Это случилось через месяц после свадьбы Чиспаса и Керн. Сантьяго с Аной получили приглашение, но на бракосочетание не пошли, не позвонили и цветов не прислали. Попейе и Тете уже и не пытались их уговаривать. По возвращении из свадебного путешествия они побывали у них, с неимоверными подробностями рассказали о Мексике и США, а потом Попейе повез их в «Подкову» выпить молочных коктейлей. С тех пор они время от времени виделись – то у Сантьяго, то в Сан-Исидро, когда Попейе и Тете отпраздновали там свое новоселье. От них, Савалита, ты узнавал новости: о помолвке Чиспаса, о приготовлениях к свадьбе, о том, что родители собираются в Европу. Попейе с головой ушел в политику, сопровождал Белаунде в предвыборной поездке по стране, а Тете ждала ребенка.

– Чиспас женился в феврале, папа умер в марте, – говорит Сантьяго. – Они как раз собирались в Европу.

– Он в Анконе умер? – говорит Амбросио.

– В Мирафлоресе, – говорит Сантьяго. – В то лето из-за свадьбы Чиспаса они не жили в Анконе. Кажется, только на уик-энды ездили.

Это случилось вскоре после того, как у них появился Батуке. Однажды вечером Ана пришла из клиники Дельгадо с обувной коробкой, в которой что-то шевелилось: она открыла ее, и оттуда вывалился белый комок. Это садовник подарил мне, милый, и от всего сердца, так что у нее не хватило духу отказаться. Сначала собачка доставляла одни неприятности, пачкала в комнатах, в кровати, в ванной. Происходили ссоры: когда Ана, чтобы научить проситься, брала щенка за шкирку и тыкала носом в кучку или в лужицу, на его защиту выступал Сантьяго. Если же песик раздирал какую-нибудь книгу и наказывал его Сантьяго, заступалась за Батуке Ана. Но вскоре щенок уже скребся в дверь, просясь погулять. Спал он сначала в кухне, но по ночам так выл и скулил у двери в спальню, что пришлось перенести его подстилку туда, в угол, где стояли туфли Аны и башмаки Сантьяго. Постепенно он отвоевал себе право забираться на кровать. В то утро, Савалита, он залез в корзину с грязным бельем и не мог выбраться, а ты наблюдал за тем, как он уцепился лапами за край корзины, навалился, как корзина накренилась и наконец упала. Батуке замер, потом завилял хвостом, ринулся на волю – в эту минуту ты услышал стук в окно и увидел лицо Попейе.

– Твой папа, дон Фермин… – Он раскраснелся, Савалита, он запыхался – видно, бегом бежал от машины к дому. – Только что позвонил Чиспас.

Ты был в пижаме, Савалита, ты путался в брючинах, а когда писал записку Ане, рука у тебя тряслась.

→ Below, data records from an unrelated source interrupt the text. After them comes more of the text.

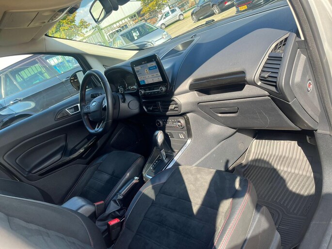 Deze Ford EcoSport staat garant voor vele veilige en comfortabele kilometers. De aandrijving komt voor rekening van een benzinemotor en een automatische transmissie. Bij de uitrusting van deze Ford horen onder meer 17 inch lichtmetalen velgen, sportonderstel, halflederen bekleding, LED-dagrijverlichting, aluminium dakrailing en elektrisch inklapbare buitenspiegels.
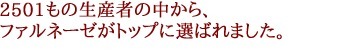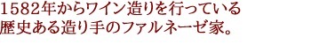 ![]() ![]() ファルネーゼ家は、1582年よりオルトナ市でワイン生産に携わっています。 その昔、当時のファルネーゼの王子と結婚したオーストリアの王女マルゲリータがこの地を訪れたとき、そのすばらしい風景と気候に我を忘れ、この地で生活することを決心し、質の高いワインを造るために、この土地に身をささげました。そしてそのワインはまもなくヨーロッパの王室のテーブルに現れることとなったのです。 ![]() ![]() ファルネーゼの自家所有葡萄園は合計で80haあり、モロリバー ヴァレーの北側の斜面に位置し、それは太陽の恵みを受けるために最高の条件であることを意味しています。そして高度9000フィート、海から18マイルのところにあるマレイア山脈は、高品質のワインを産み出すために理想的なミクロクリマを生み出します。 収穫量を制限し最新のテクノロジィと伝統的な手法をうまく組み合わせ、コストパフォーマンスに優れたワインを産出しています。 ![]() ![]() 彼らのワインは、数々のワインコンクールで高く評価され、国際的にその名を知られています。本拠地のオルトナには、古城をうまく改装した本社が新築されました。その他のワイン醸造設備は、空いている農協の地下倉庫を借りたり、果ては20フィートのリファーコンテナーに樽を入れたり、とアイデアに溢れるものでした。 新樽の使用についても、最初にシャルドネを入れ、その後にカサーレ ヴェッキオに使い、2年も使用したらもうバルサミコの会社に売ってしまうという合理性がありました。 ![]() 辛口評価で知られるルカ マローニ「グイダ デイ ヴィニ イタリアーノ 2005」で、ファルネーゼが2501もの生産者の中からトップに選ばれました。 今後さらに、世界中のワインファンから注目されることは間違いありません。 |
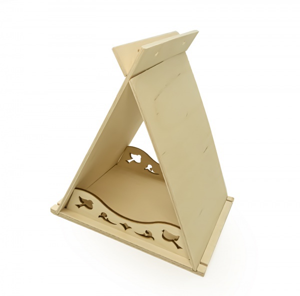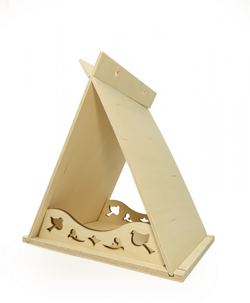 Набор для детского творчества поставляется в виде плоских фанерных заготовок, которые легко превращаются в птичью столовую без клея и гвоздей с помощью предусмотренных в конструкции традиционных приёмов соединения разных частей древесины. Мизерная цена, море удовольствия!
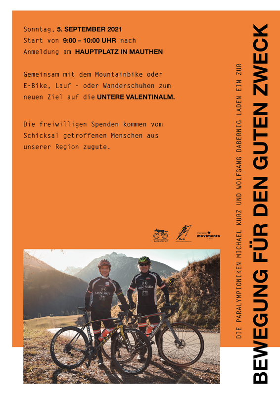 Am Sonntag, den 5. September 2021 findet das Rad.- Lauf.- und Wanderevent mit den beiden Behindertenradsportlern und Paralympioniken Wolfgang Dabernig und Michael Kurz statt. Wolfgang Dabernig, besser bekannt unter den Namen Radlwolf und Michi Kurz möchten aus Dankbarkeit ihr Schicksal nach ihrem schweren Unfall so gut gemeistert zu haben mit dieser Veranstaltung anderen Menschen mit Behinderung etwas zurückgeben.
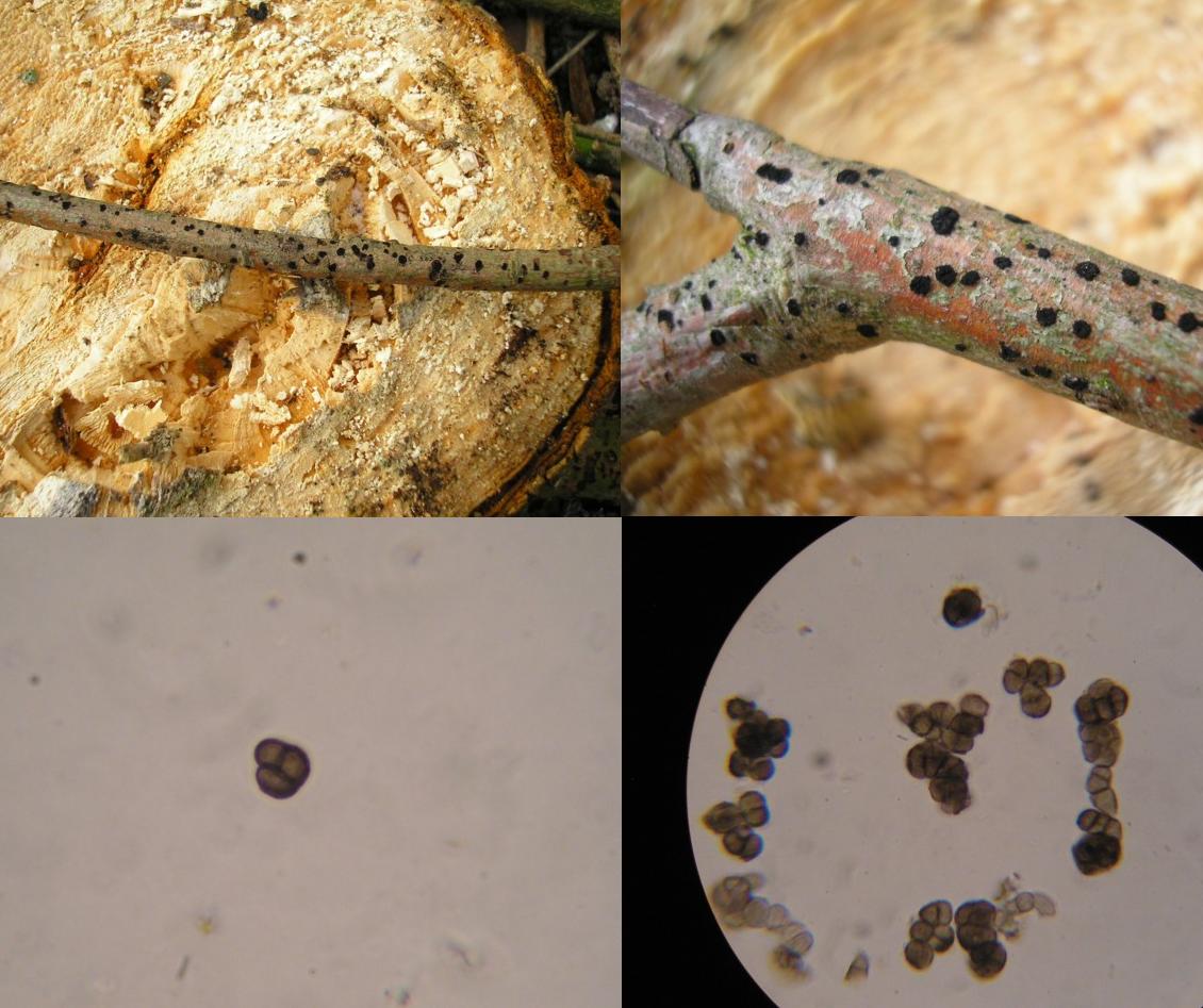 Hiho! Diesen schwarzen, auf die Finger stäubenden Pilz (beim drüberstreichen), habe ich im Februar 2007 an einem auf dem Boden liegenden Laubholzast gefunden. Die Sporen sind Ballen, wenn ich das richtig sehe und im Durchschnitt 10µm. Wer kann helfen? lg Jule

– Скорей, – повторял, стоя на пороге, Попейе. – Скорей.

В клинику они приехали одновременно с Тете. Когда позвонил Чиспас, она была в церкви и сейчас держала в одной руке записку Попейе, а в другой – требник. Несколько минут они потеряли, бродя без толку по больничным переходам, пока не свернули наконец в нужный коридор и не увидели Чиспаса. Вид у того был как у ряженого, думает он, красно-белая пижамная куртка, брюки не застегнуты, пиджак от другого костюма, башмаки на босу ногу. Он держал за плечи Керн, та плакала, рядом стоял мрачный врач и что-то говорил им. Чиспас протянул тебе руку, и тут Тете заплакала навзрыд. Он скончался по дороге, говорили врачи, а может быть, еще раньше, дома, когда мама, проснувшись, увидела, что он лежит неподвижный и окостенелый, с открытым ртом. Во сне, говорили они, в одночасье, не мучился. Но Чиспас уверял, что, когда он с помощью Керн и дворецкого укладывал его в машину, отец еще жил, и сердце у него еще билось. Мама была в приемном покое, когда ты вошел, ей делали укол, она совсем потеряла голову и, когда ты обнял ее, заголосила. Вскоре укол подействовал, она уснула, а кричала теперь Тете. Стали появляться родственники, пришла Ана, а ты с Попейе и Чиспасом весь день занимались похоронами. Катафалк, думает он, хлопоты на кладбище, извещение в газету. Тогда ты и вернулся, Савалита, в лоно семьи и больше уже с нею не порывал. Чиспас время от времени вдруг издавал короткое рыдание, думает он, карманы у него были набиты успокаивающими таблетками, и он сосал их как леденцы. Домой они приехали к вечеру: сад, комнаты, кабинет были уже заполнены людьми. Мама уже поднялась и надзирала за тем, как готовятся к панихиде. Она не плакала, была не накрашена и показалась тебе вдруг очень старой: ее окружали Тете, Керн, тетя Элиана, тетя Роса и Ана. И Ана тоже, думает он. Народу все прибывало, весь вечер приходили и уходили люди, стоял тихий говор, стлался табачный дым, принесли первые венки. Дядюшка Клодомиро просидел всю ночь у гроба, молчаливый, напряженный, с восковым лицом, а когда ты подошел к изголовью, уже начинало светать. Сквозь тусклое стекло ты не видел его лица, думает он: только сложенные на груди руки, его самый парадный костюм и тщательно причесанные волосы.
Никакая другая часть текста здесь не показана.